Als Arbeitgeber müssen Sie auch eine Gefährdungsbeurteilung für Bildschirmarbeitsplätze durchführen. Die Anforderungen hierfür werden durch die Arbeitsstättenverordnung Anhang 6 definiert, was früher die Bildschirmarbeitsverordnung war.

Bis 3. Dezember 2016 regelte die Bildschirmarbeitsverordnung (BildscharbV) den Umgang mit Bildschirmarbeitsplätzen in Deutschland. Dann beschloss das Bundeskabinett die Novellierung der Arbeitsstättenverordnung (ArbStättV), wodurch Vorschriften wie die Bildschirmarbeitsverordnung mit weiteren Verordnungen zusammengeführt und an die heutige Arbeitswelt angepasst wurden.
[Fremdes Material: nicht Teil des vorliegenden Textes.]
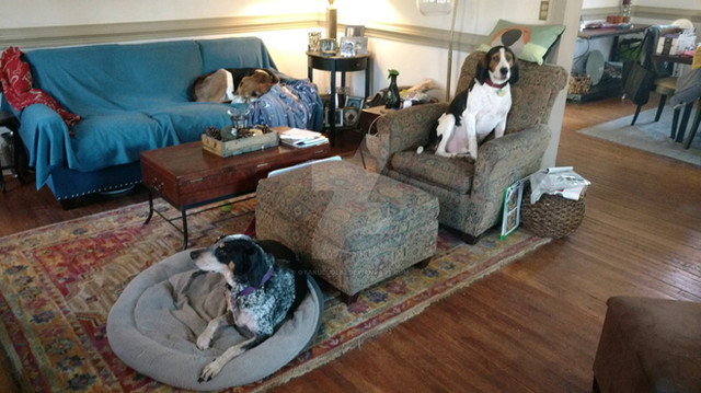 The other four dogs in my family out of the six. Wasn't taken by me, but by my mother.From left to right, top to bottom:
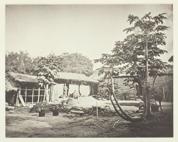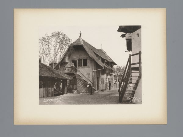 Curator: Here we have Frédéric Boissonnas' "Dorpsgezicht te Langnau," a gelatin silver print predating 1896. Editor: My first impression? An almost tangible quietude. The monochrome tones evoke a wistful sense of time standing still. The composition, quite balanced, invites the eye to wander through the village scene, but the textural details, the surface of this gelatin print, seem to amplify the rustic, rural nature depicted in the image. Curator: Boissonnas, known for his Pictorialist approach, elevates photography here. The soft focus, particularly evident in the background, aims for an atmospheric quality. He’s clearly after more than just documentation. This village becomes an archetype of rural life. We see echoes of debates around urbanization that consumed much of the late nineteenth century, here. Editor: Absolutely. If we look closer, we'll find intricate structures defining the architecture. Notice the contrast in values between light and shadow playing across the textured roofs. Consider, too, the structural organization – how Boissonnas uses a combination of vertical and horizontal forms to establish a perspectival pull that drives our gaze into the distance of this captivating village vista. It feels incredibly deliberate, moving away from strictly representational photography. Curator: Pictorialism gained popularity in the late 1880s, directly pushing against the documentary function ascribed to the relatively young medium of photography. Figures like Boissonnas instead sought to portray the camera as an apparatus to construct something more artistically poignant. Editor: And look, his artistic intent is clear in his handling of light. It subtly diffuses throughout the landscape. These stylistic touches amplify the overall affect: creating a scene of intimate daily life, captured as opposed to simply snapped. But I am left considering how staged, really, is such an ‘affective’ picture, in terms of the socio-economic realities such photography chooses to picture… or ignore. Curator: Well, his selection and careful orchestration of a quiet village surely points towards his artistic and political inclinations— to promote idyllic beauty rather than the complicated realities of the Industrial revolution, for instance. In the end, Boissonnas creates not only a portrait of Langnau, but an idyllic one— framed for posterity. Editor: Yes, in our formalist analysis we see that such compositions can provide more than one angle; from a formal, or from an institutional point of view, even what we can’t readily "see," matters when looking.
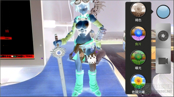 點擊右上角的藍色球體可啟動各種拍照特效,如景深、點點、與各種濾鏡:

Nun regelt der Abschnitt 6 im Anhang der ArbStättV die Maßnahmen zur Gestaltung von Bildschirmarbeitsplätzen.

Ziel der Bildschirmarbeitsverordnung bleibt bestehen

Die Vorgaben und Regelungen der ArbStättV dienen dazu, die Sicherheit und den Schutz der Gesundheit der Beschäftigten in Arbeitsstätten und auf Baustellen wirksam zu schützen und Arbeitsabläufe menschengerecht zu gestalten. Das Ziel der Bildschirmarbeitsverordnung, die Tätigkeit an Bildschirmen gesundheitsgerecht zu gestalten, ging somit nahtlos in die ArbStättV über.
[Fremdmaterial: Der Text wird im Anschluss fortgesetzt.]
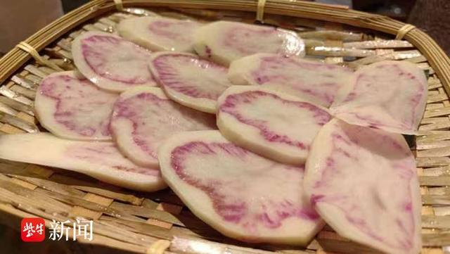 有的土豆表皮鲜艳,也有的土豆很“花心”。马女士在吃火锅的时候发现菜单上有一款“七彩土豆”,出于好奇点了一盘。上桌的实物并没有七彩,但是带着一圈紫红色的花纹,还是很漂亮的。由于涮火锅汤底味道比较重,马女士并没有尝出七彩土豆有何特别的味道,不过口感粉粉的还不错。
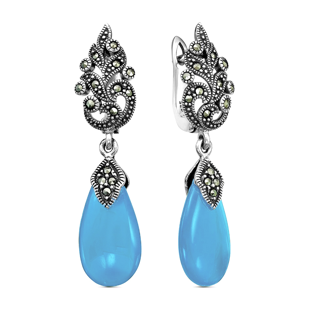 Серебряные cерьги висячие с бирюзой, артикул 183287 по цене 13790 руб. в наличии в салонах Город Золотой. Изделие имеет внешний вид "С подвесом", белый цвет, весом 6,66 грамм.
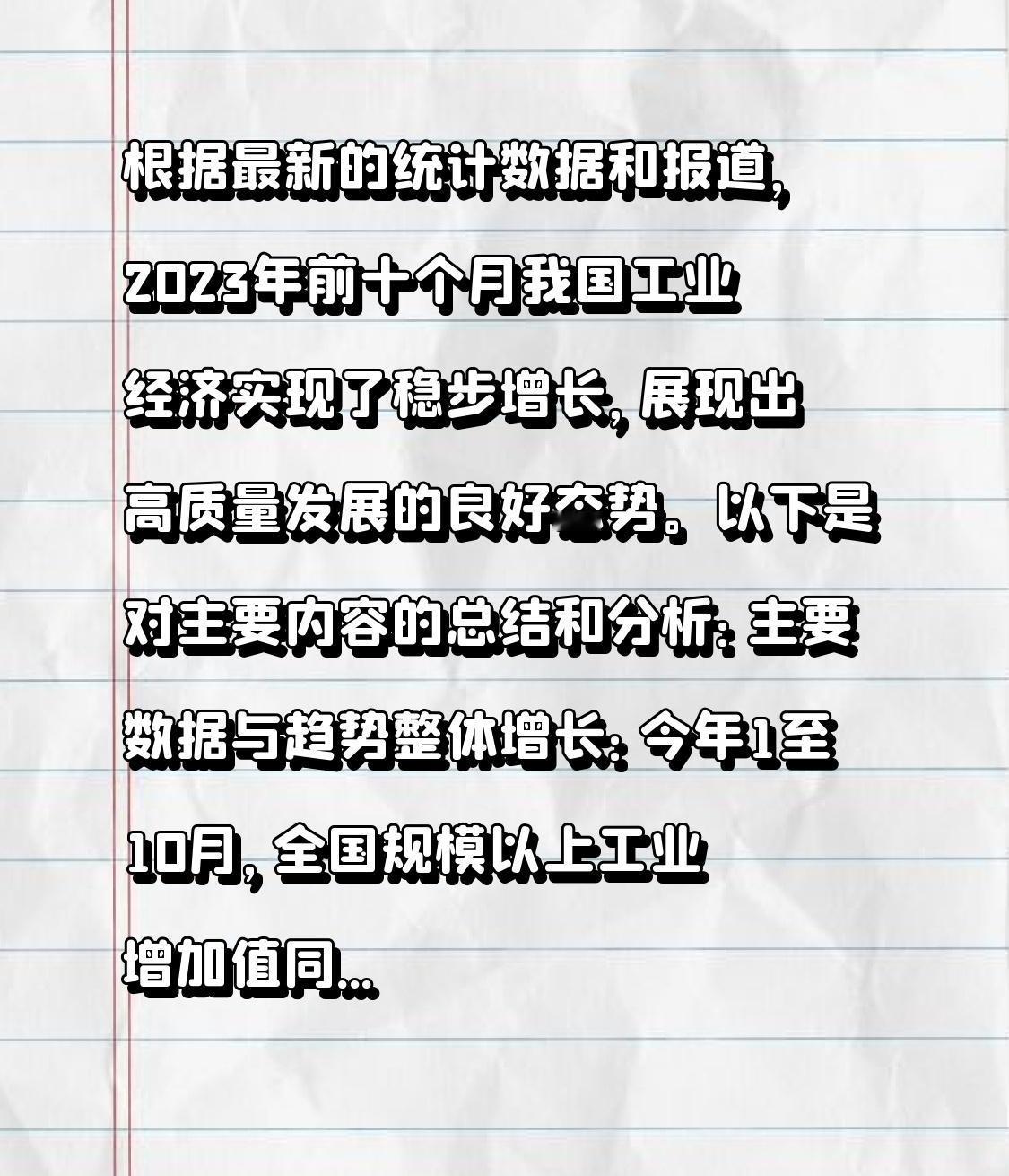 工业经济高质量发展扎实推进(锐财经) 根据最新的统计数据和报道,2023年前十个月我国工业经济实现了稳步增长,展现出高质量发展的良好态势。以下是对主要内容的总结和分析: 主要数据与趋势 整体增长:今年1至10月,全国规模以上工业增加值同比增长6.1%,高于去年同期0.3个百分点,显示工业生产持续向好。 10月份表现:工业生产保持稳中有进的态势,绝大多数行业和产品实现增长。剔除季节因素后,环比增长0.17%,表明工业生产的韧性较强。 行业结构优化:产业结构不断优化升级,新质生产力(如高技术和装备制造业)得到培育壮大,产业链供应链的稳定性增强。 行业表现 制造业:10月份制造业增加值同比增长4.9%,是工业增长的主要动力之一。 其他行业:采矿业、电力、热力、燃气及水生产和供应业也表现良好,支持整体工业稳定发展。 高质量发展特点 产业升级:产业结构持续优化,装备制造业和高技术制造业快速发展,体现出由传统制造向高端制造转型的趋势。 新质生产力:新兴产业和创新驱动成为工业增长的重要引擎,为未来工业发展提供新动力。 未来展望 扎实推进:工业高质量发展仍是未来重点,将继续推动技术创新、产业升级和绿色低碳发展。 政策支持:政府将继续落实稳增长、促转型的政策措施,激发企业创新活力,巩固工业增长基础。 结语 整体来看,2023年前十个月我国工业经济实现了稳中有进、质量提升的良好局面,为经济持续健康发展提供了坚实支撑。未来,随着科技创新和产业升级的深入推进,工业高质量发展有望取得更加显著的成效。 如果你需要更详细的数据分析或具体行业的情况,也可以告诉我!

Hintergrund der Umstellung

Durch die Umstellung sollten branchenübergreifend sichere und gesunde Arbeitsbedingungen für alle Beschäftigten, die am Bildschirm arbeiten, gewährleistet werden. Denn die Bildschirmarbeitsverordnung galt als überholt und
nicht mehr dem Stand der Technik entsprechend.

Eine Folge der Zusammenlegung der beiden Verordnungen ist auch, dass der ASTA (Ausschuss für Arbeitsstätten) nun die Möglichkeit hat, den allgemeinen Anforderungen an Bildschirmarbeitsplätze konkretere
Vorgaben in Form von Arbeitsstättenregeln (ASR) folgen zu lassen. Bis jetzt ist eine eigene ASR zu Bildschirmarbeitsplätzen jedoch nicht in Sicht. Halten Sie sich daher bei allen Aspekten zur Gestaltung von gesundheitsgerechter Bildschirmarbeit, die möglicherweise nicht von der ArbStättV erfasst werden, an das Berufsgenossenschaftliche Regelwerk, z. B. die DGUV-Information 215- 410 „Bildschirm- und Büroarbeitsplätze“ vom September 2015.

Anforderung an die Gestaltung von Bildschirmarbeitsplätzen

Schon die Bildschirmarbeitsverordnung forderte eine Gefährdungsbeurteilung Ihrer Bildschirmarbeitsplätze in Hinblick auf physische und psychische Gefährdungen. Immerhin arbeiten über 18 Mio. Beschäftige in Deutschland an Bildschirmen.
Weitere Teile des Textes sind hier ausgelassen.